Closeup of Tiarå Freeman.
Tiarå Freeman

Tiarå Freeman, doctoral student in experimental psychology at Washington State University, presented research at the recent Society for Personality and Social Psychology (SPSP)’s annual conference in San Diego on why certain people are more likely to experience negative emotions during uncomfortably hot weather.

As part of WSU’s Social, Cognitive, Environmental, Neuroscience (SCENe) Lab, Freeman works with Kim Meidenbauer, assistant professor of psychology, to study how different environments affect human cognition and behavior. At the SPSP conference, Freeman shared findings from her research that showed people who rated higher in neuroticism, a personality trait associated with negative emotions, might respond more intensely to environmental stressors, such as excessive heat.

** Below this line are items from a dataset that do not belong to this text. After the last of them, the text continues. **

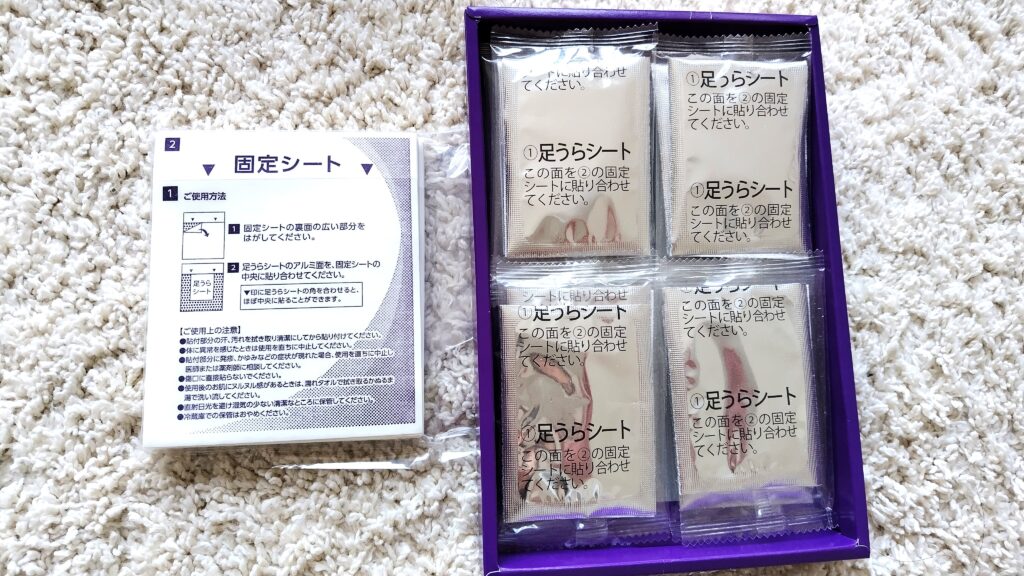 箱の中には、固定シートと足うらシートがそれぞれ10セット入っています。
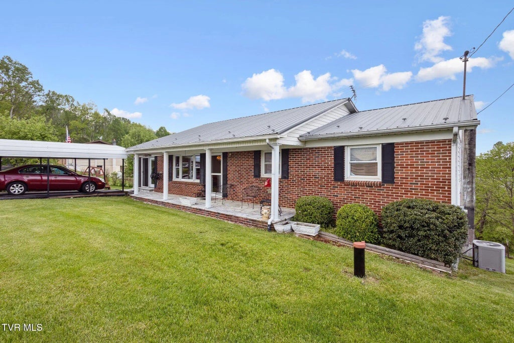 Charming Brick Home with Breathtaking Mountain Views! Charming brick ranch home located at the end of a peaceful Cul de sac, this one owner home has 3 bedrooms and 3 full baths including the primary bedroom having a private full bathroom. Large kitchen with beautiful custom cabinets that include organizers, built in desk and granite countertops that give plenty of counter workspace for the chef. Eat in kitchen/dining area leads out to the deck with Trex boarding for the maintenance free outside space to enjoy the view of mountains and fields while you sip that morning coffee or unwind in the evening. Large den with wonderful details such as wood beams and the gas log fireplace flanked with built ins. Living room with a large window for extra light and space for entertaining. Finished basement has many features and options such as an in-law suite, guest suite, or studio apartment for extra income. Features are glass sliding door, full kitchen with appliances, an island for food prep and a room with built in shelving to store canned food that stays cool. There is also a wood/coal stove for an additional heating source along with the heat pump. Current craft room/office in basement could also be used for a 4th bedroom with a closet. Laundry room features a full bathroom, wall cabinets and room for a full freezer. Workshop area located in basement for plenty of storage needs with shelving. On the exterior of the home, you will find a shed, garden area, water feature, carport, and fruit trees. Metal roof enhances the curb appeal of this wonderful home. Do you need furniture? The owners are willing to sell most of the furniture with the home! Well maintained and move in ready home so don't miss out on your opportunity to own this great property.
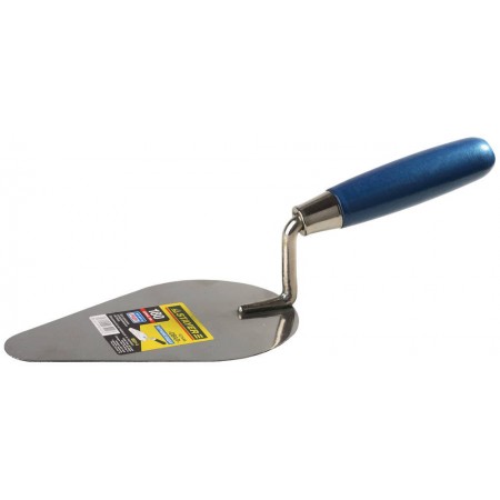 кельма используется для нанесения строительных растворов, нержавеющее стальное полотно обеспечивает прочность конструкции, а двухкомпонентная ручка удобство в работе
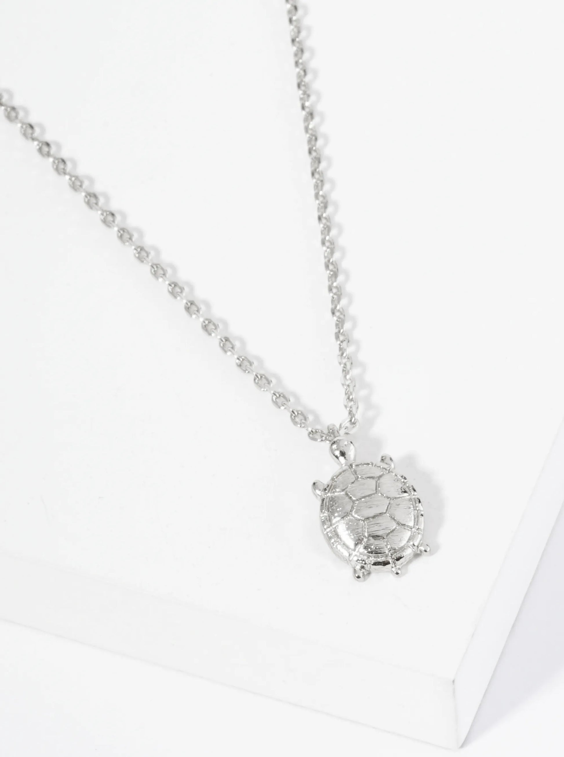 18K Gold Dipped Brushed Brass Turtle Pendant Necklace
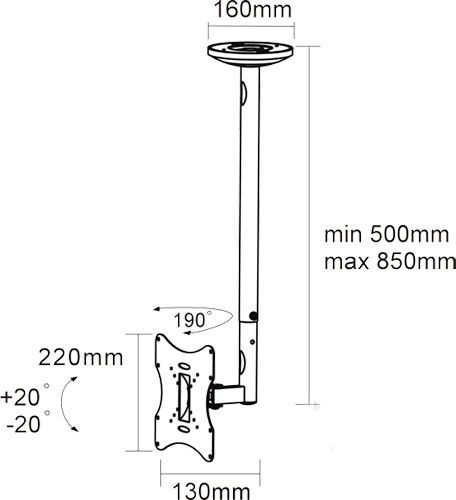 - Особенностирасстояние от потолка - 500-850 мм
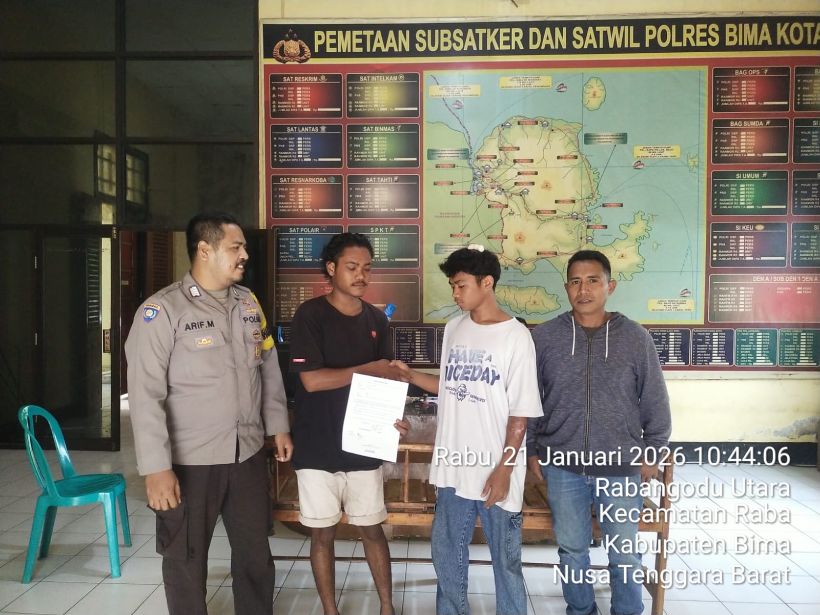 Kota Bima, NTB (27 Januari 2026) – Personel Bhabinkamtibmas Polres Bima Kota kembali menunjukkan komitmen dan kehadiran Polri sebagai problem solving di tengah masyarakat. Melalui pendekatan Restorative Justice, kesalahpahaman antara dua remaja akibat miskomunikasi di wilayah Pagesangan berhasil diselesaikan secara kekeluargaan dan damai.
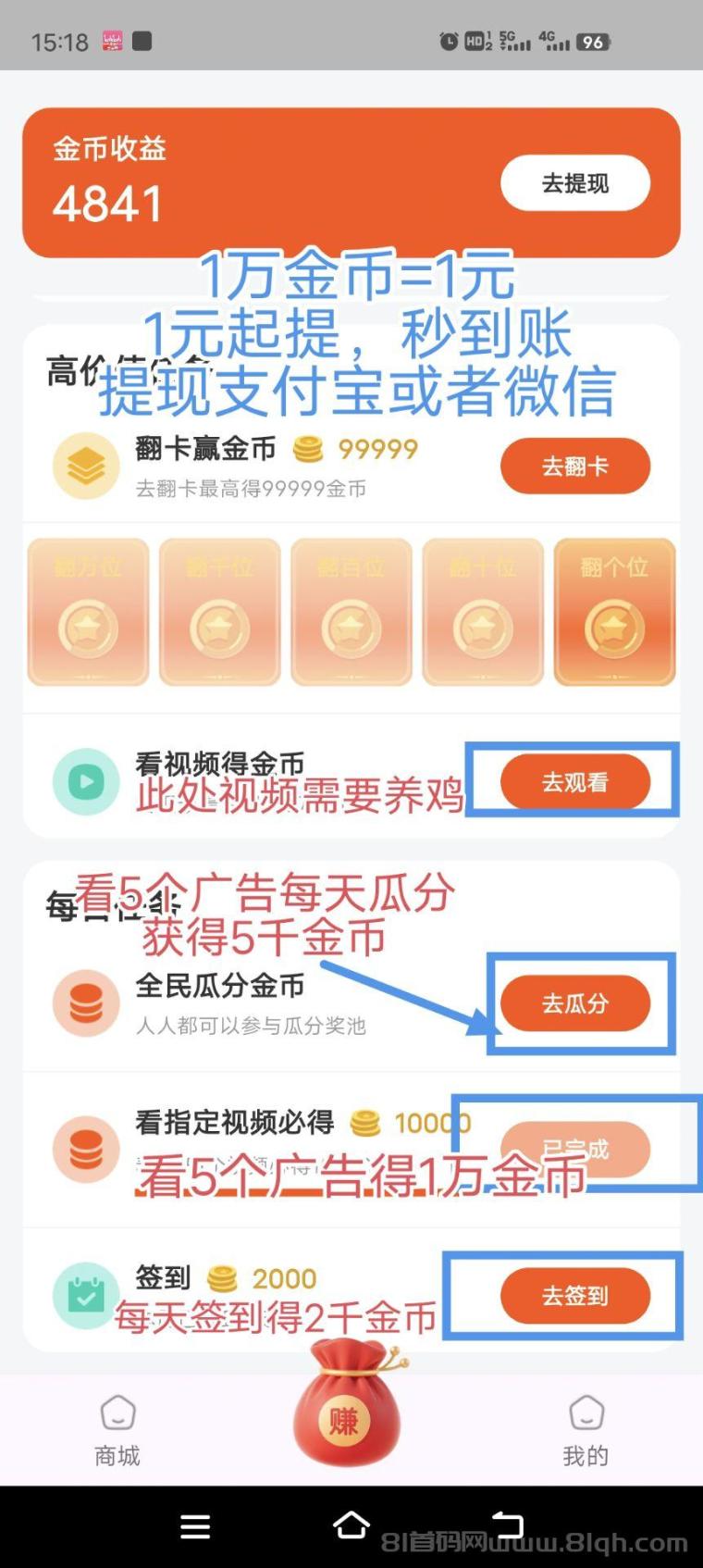 拾慧0撸看广告不养鸡:每日签到2000金币+5广告1万金币+邀请瓜分5000+金币1元起提秒到账
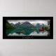 Panorama poster print of a landscape with two old rowboats in a lake with the reflection of the mountains in the still water at Hjelle Hotel, Hjelle, Stryn, Sogn og Fjordane, Norway on a black background with the text: 'Norway'. Perfect decoration on your wall!
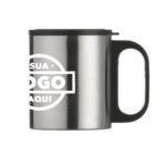 Descrição: Caneca de inox 180ml com cabo e tampa em plástico resistente (não é térmica).
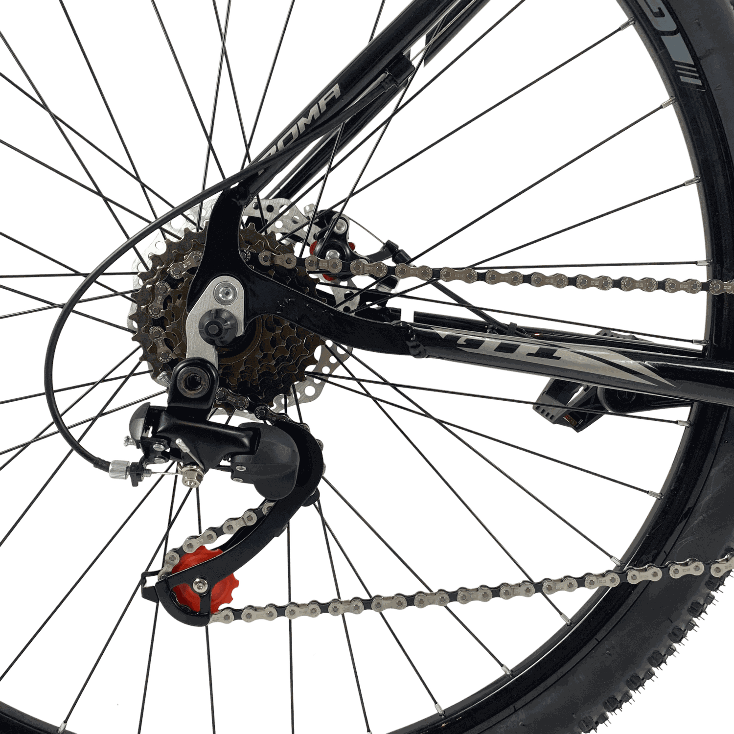 Equipada com 21 velocidades, a GTI Roma oferece trocas rápidas e precisas através dos passadores Shimano SIS Index. O câmbio dianteiro Shimano Tourney TZ FD-TZ510 e o câmbio traseiro com 7 velocidades proporcionam uma pedalada suave e eficiente em diversas condições.

Her research also showed that neurotic individuals tend to have decreased emotional regulation and might benefit from targeted emotional wellness interventions during hot temperatures. These interventions could be reminders through text messages or an app to reduce exposure to ambient temperatures where they can.

Freeman was raised on an organic farm in New Mexico where her family grew foods like squash, peppers, okra, and “swaths of cosmos,” which come from the sunflower family. Her family also foraged for wild spinach, water cress, mushrooms, and mountain herbs, all while caring for a menagerie of dogs, cats, ducks, geese, chickens, horses, and peacocks. Freeman’s deep appreciation for nature and the stewardship of land and people fuels her passion for environmental and social justice. She promotes science and scholarship that intentionally fosters positive changes for people. Her ultimate goal is to pursue a career in research and/or education as an environmental psychologist.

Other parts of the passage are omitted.